Submitting a contribution

  1. Pick the right namespace (rule, playbook, or plugin) and follow the schema used by an existing item of the same type. Detection schema lives in detections/README.md, playbook schema in playbooks/README.md, plugin schema in packages/plugin-sdk-py/README.md and packages/plugin-sdk-go/README.md.
  2. Rebuild the marketplace index locally:
    pnpm marketplace:build
    pnpm marketplace:sync
    
  3. Verify CI will be happy:
    pnpm marketplace:check       # asserts the index matches what's on disk
    python3 scripts/validate_detections.py   # if you added detections
    
  4. Open a PR. CI runs marketplace:check, detection validation, and any plugin SDK tests. A maintainer will review for content quality, MITRE ATT&CK accuracy, and false-positive notes.

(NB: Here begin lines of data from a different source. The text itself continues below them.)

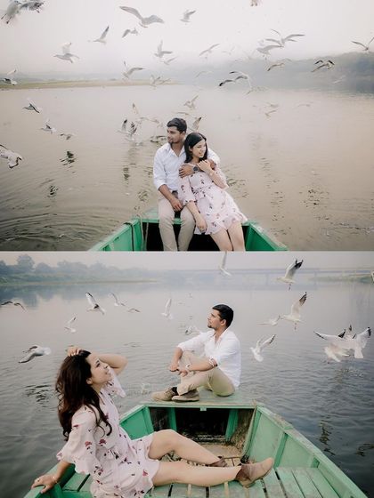 There's something magical about shooting by the water. We can plan a session at locations like the Yamuna Ghat for its famous birds, or find a quiet lake for a serene boat ride. These shoots are always peaceful and incredibly romantic.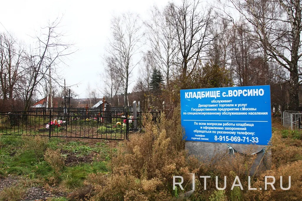 Городская ритуальная служба Ritual.ru поможет с оформлением родственного подзахоронения на кладбище Ворсино. За квалифицированной консультацией обращайтесь по телефону круглосуточной городской информационной службы 8 (495) 100-3-100.
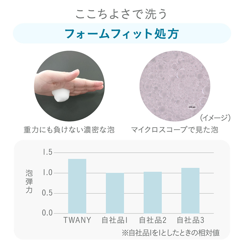 濃密泡がボディの凹凸にもぴったりフィットし、においやべたつきのもとになる汚れもうるおいを守りながら洗い落とす。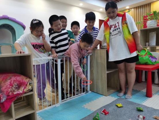 活動(dòng)開(kāi)始前,社區(qū)工作人員向小朋友們宣傳《未成年人保護(hù)法》,呼吁小朋友們要遠(yuǎn)離校園暴力,對(duì)待同學(xué)和諧友愛(ài)?;顒?dòng)開(kāi)始后,簡(jiǎn)單的套圈游戲拉開(kāi)了本次活動(dòng)的序幕,社區(qū)工作人員組織小朋友們站在線外一個(gè)接一個(gè)的排好隊(duì),努力套中自己想要的獎(jiǎng)品。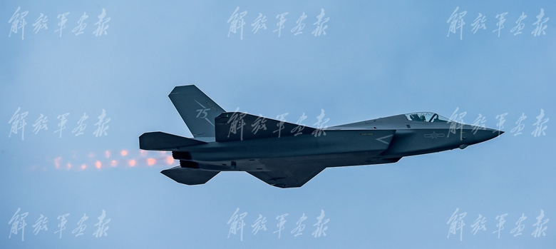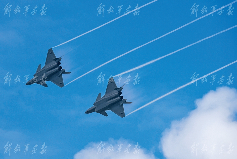 空军歼-20战机进行飞行表演。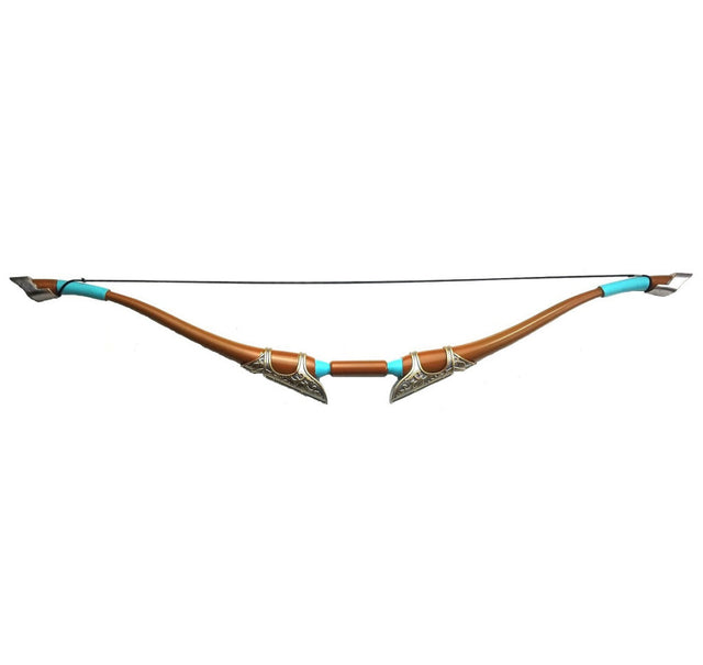Join a heroic fellowship or stalk the elven woods of your homeland with this magnificent bow. This lightweight foam bow is the perfect accessory for your LARP character or renaissance fair. This bow is a generous 36 inches in length. Bow has decorative, carved, raised areas around the hand hold. Bow string is made from stretch elastic cord. Foam bow is painted a rich brown with turquoise blue details. Hand hold guards are silver painted with gold carved details. This is the perfect accessory for an elven LARP or Halloween costume. Also good for a ranger, woodsman or noble. Can fire foam tipped arrows.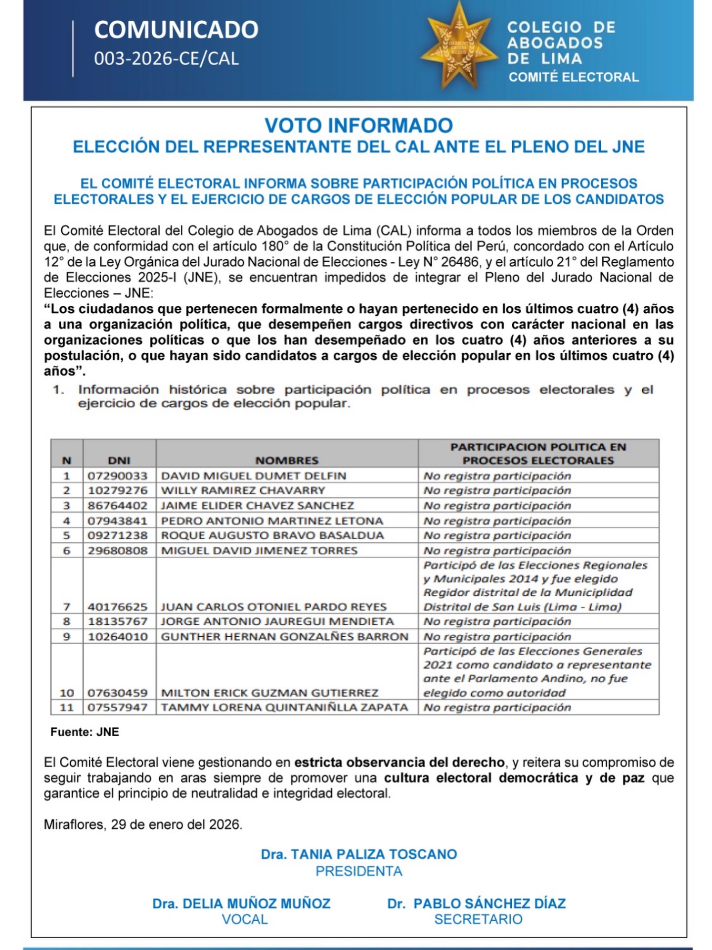 Ahora bien, mediante un comunicado, el Comité Electoral del CAL anunció que, conforme a sus estatutos, se elegirá al representante del gremio ante el JNE el domingo 15 de febrero , mediante el clásico voto presencial .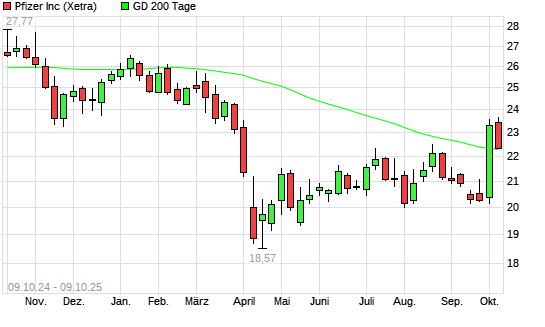 Mit dem Rücksetzer auf 22,09 EUR hat die Pfizer-Aktie am 08.10.2025 die 200-Tage-Linie nach unten gekreuzt.

Quality bar for community marketplace items

  • Detections must include MITRE ATT&CK technique IDs in tags (format mitre.attack.T1234[.567]) and a fixture under detections/fixtures/.
  • Playbooks must declare a clear trigger, an explicit decision tree, and any human-approval gates. No silent destructive actions.
  • Plugins must implement the relevant SDK interface in either Python or Go (preferably both). They must declare min_aisoc_version, license, and a homepage URL. Network calls go through the SDK's HTTP helpers, never bare requests or net/http calls.
  • All items get verified: false and source: "community" in the index until a maintainer promotes them.

Reporting Bugs

Please use the GitHub issue tracker. Include:

  • AiSOC version
  • OS and environment
  • Steps to reproduce
  • Expected vs actual behavior
  • Relevant logs

License

By contributing, you agree that your contributions will be licensed under the MIT License.